С князя сняли тяжелую броню, он застонал, шевельнул рукой, открыл мутные глаза. Сзади раздался громкий топот, — оставив оборванный повод в руках незадачливого ловца, к Тупику мчался Орлик, стеля по ветру пышную гриву. Стал рядом. Васька лишь тронул его наклоненную морду, следя за хлопотами попа над государем — ему смачивали лицо и грудь водой, пытались поить. Внезапно Димитрий отвел руку попа и сел, удивленно оглядываясь.
— Что?! — и, сморщась от боли, схватился руками за голову.
— Победа, государь! Победа, Димитрий Иванович. — Поп заплакал, целуя колени князя. И тогда Димитрий оторвал руки от головы, дико огляделся, схватил маленького попа в объятия и начал целовать. Неожиданно легко встал, обнимал ратников, увидел Тупика, подошел, наклонился:
— Живой, Васька… Спасибо тебе, что живой.
Сам помог Тупику встать, обнимая за плечи, осмотрел поле, не вытирая слез.
— Запомните это, братья. Запомните и расскажите детям… Кто забудет, в том нет и никогда не было русского сердца.
К государю сходились ратники, посланные собирать раненых, от Смолки приближался конный отряд Никиты Чекана, которому Вельяминов поручил разыскать государя.
— Ты еще слаб, Василий, — сказал князь. — Вижу, те крепче мово досталось. Отправляйся в лечебницу, а Орлика отдай пока мне. Скоро верну, только поправляйся. Где мой доспех?

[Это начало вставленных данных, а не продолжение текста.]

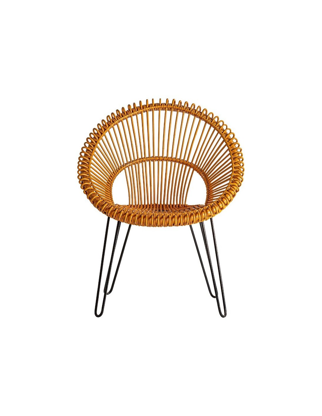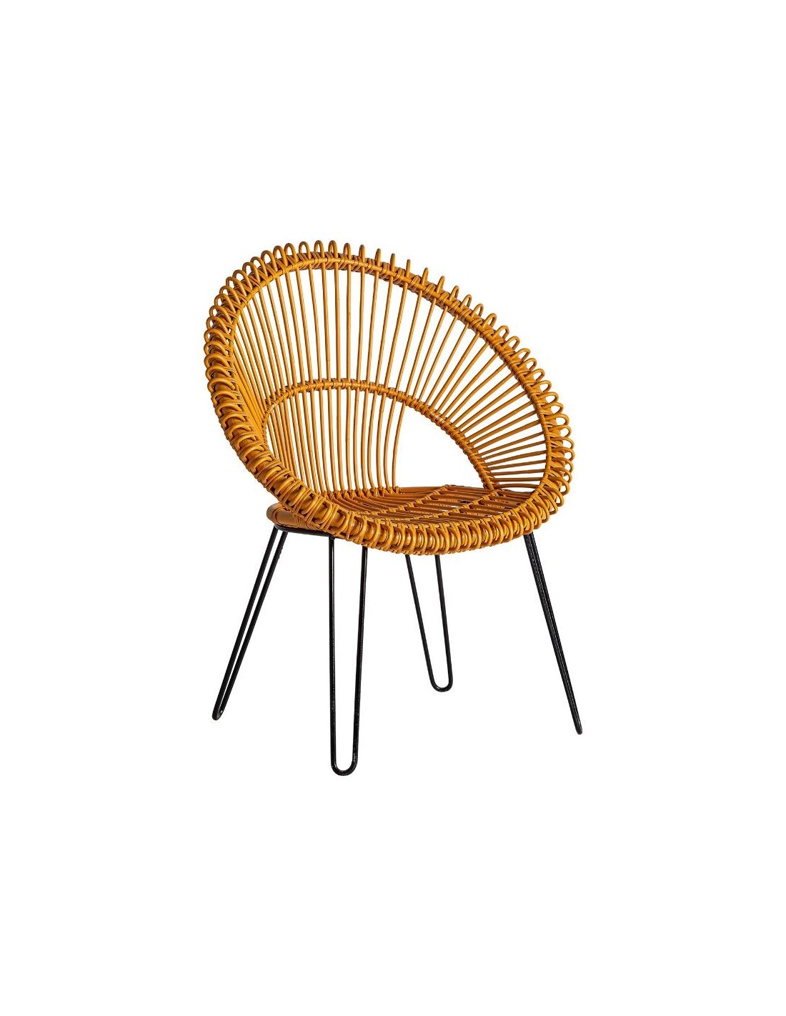 Sillón Alfta, En Color Mostaza, De Estilo Contemporáneo. Fabricado En Ratán, Combinado Con Hierro.
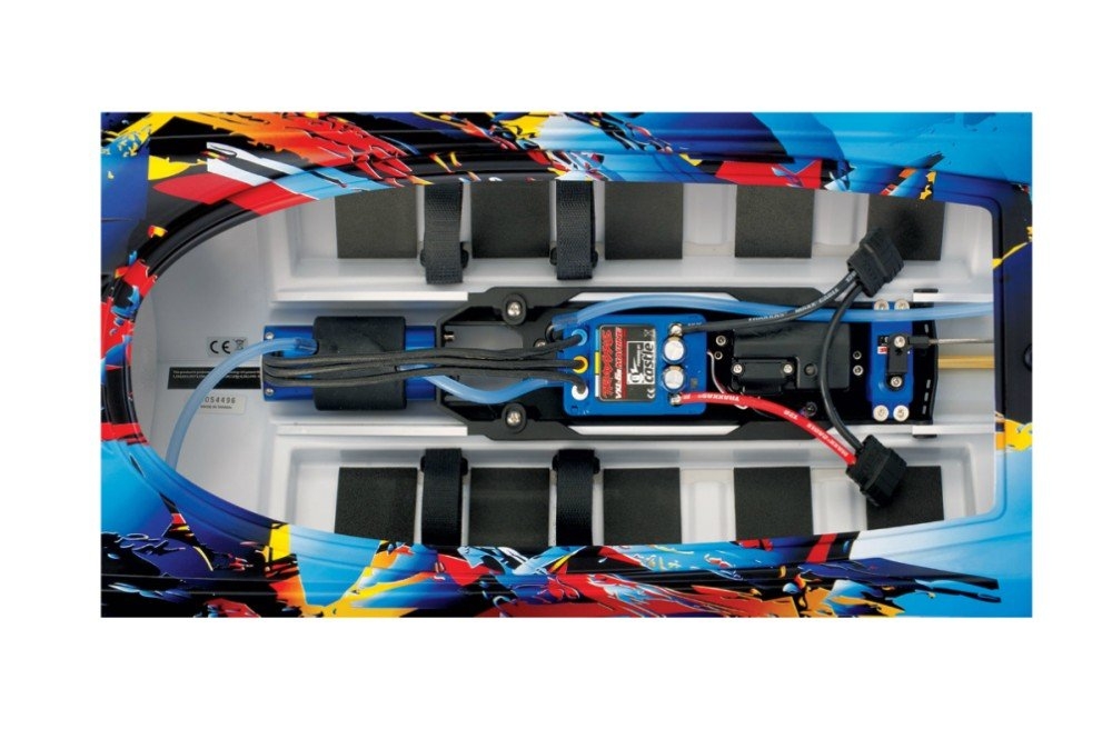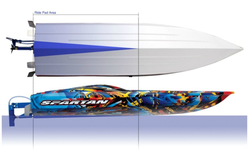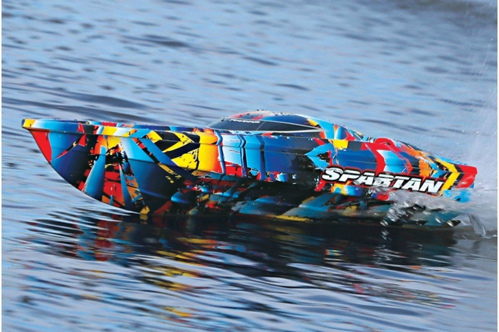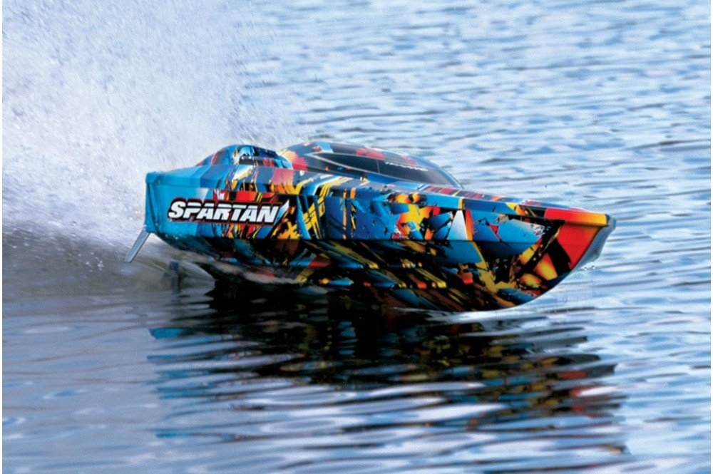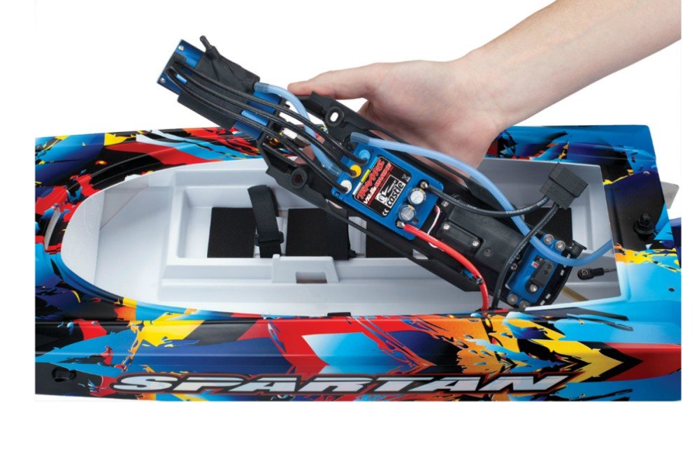 Внутри модели вся электроника защищена от попадания влаги, Вас это не должно отвлекать от завораживающих впечатлений и получения удовольствия от заплывов. Мощная силовая система, установленная на Traxxas Spartan, даёт потрясающую динамику, а благодаря прекрасно сбалансированной форме корпуса модель управляется просто изумительно. Поразите окружающих резкими ускорениями и разворотами, ведь на такую маневренность, способны немногие радиоуправляемые катера. Spartan оснащается системой курсовой устойчивости Traxxas TSM.Он изготовлен из двухслойного ABS–пластика. При высокой жёсткости и стойкости к деформации удалось избежать весовых издержек, характерных для корпусов из стеклопластика, что обеспечивает впечатляющие динамические характеристики и более уверенный выход на глиссирование. Свободные отсеки катера заполнены пенопластом, что дополнительно повышает прочность и помогает избежать затопления. Наиболее нагруженные участки корпуса усилены специальными плоскими накладками, таким образом удалось избежать установки дополнительных шпангоутов. Обеспечен лёгкий доступ ко всей установленной на модели электронике.

Ратники бросились помогать государю облачаться в помятый панцирь, потом посадили на Васькиного коня. Он сам тронулся навстречу дружинникам, чтобы в их сопровождении явиться перед полками, которые сейчас в боевом порядке стояли на Красном Холме, кроме засадного, ушедшего в погоню за Ордой. Тупику помогли сесть на телегу — их прислали из лагеря множество, чтобы вывозить раненых. Голова гудела, в спине росла жгучая боль, — видно, на него наступила лошадь. Через минуту тряска стала невыносимой, он велел вознице остановиться, слез сам, медленно побрел к лагерю, время от времени присаживаясь отдохнуть на убитых лошадей. Он шел той страшной дорогой, где тумены Орды смяли крыло большого полка, полоса мертвых тел расширялась и казалась нескончаемой. Раненых успели подобрать, если кто уцелел здесь под тысячами бешеных копыт, но отделить своих убитых от чужих еще не успели, русские воины часто лежали в обнимку с ордынскими, и остывшая кровь врагов перемешалась в одних лужах и ручейках. Хотел было омыть лицо в знакомом бочажке, где утром, после встречи с Таршилой, поил коня, и оторопел: вода была мутно-красной — кровь сочилась из земли Куликова поля. «Вот он какой, „медовый сбор“, получился, ребята! Где вы все теперь?» Увидел двух ратников невдалеке, знакомое почудилось в одном из них, и Васька повернул. Они стояли, опустив обнаженные головы, перед убитыми, сложенными рядком на небольшом возвышении, и не повернули голов. Один, молодой, плечистый и рыжеволосый, держал в поводу вороного татарского коня под узорчатым кованым седлом, другой, постарше, с проплешиной в шевелюре, с повязкой на лбу, скорбно опирался на большую рогатину. Наконец старший оборотился, и Тупик узнал мужика из звонцовского отряда, да и парня тоже припомнил.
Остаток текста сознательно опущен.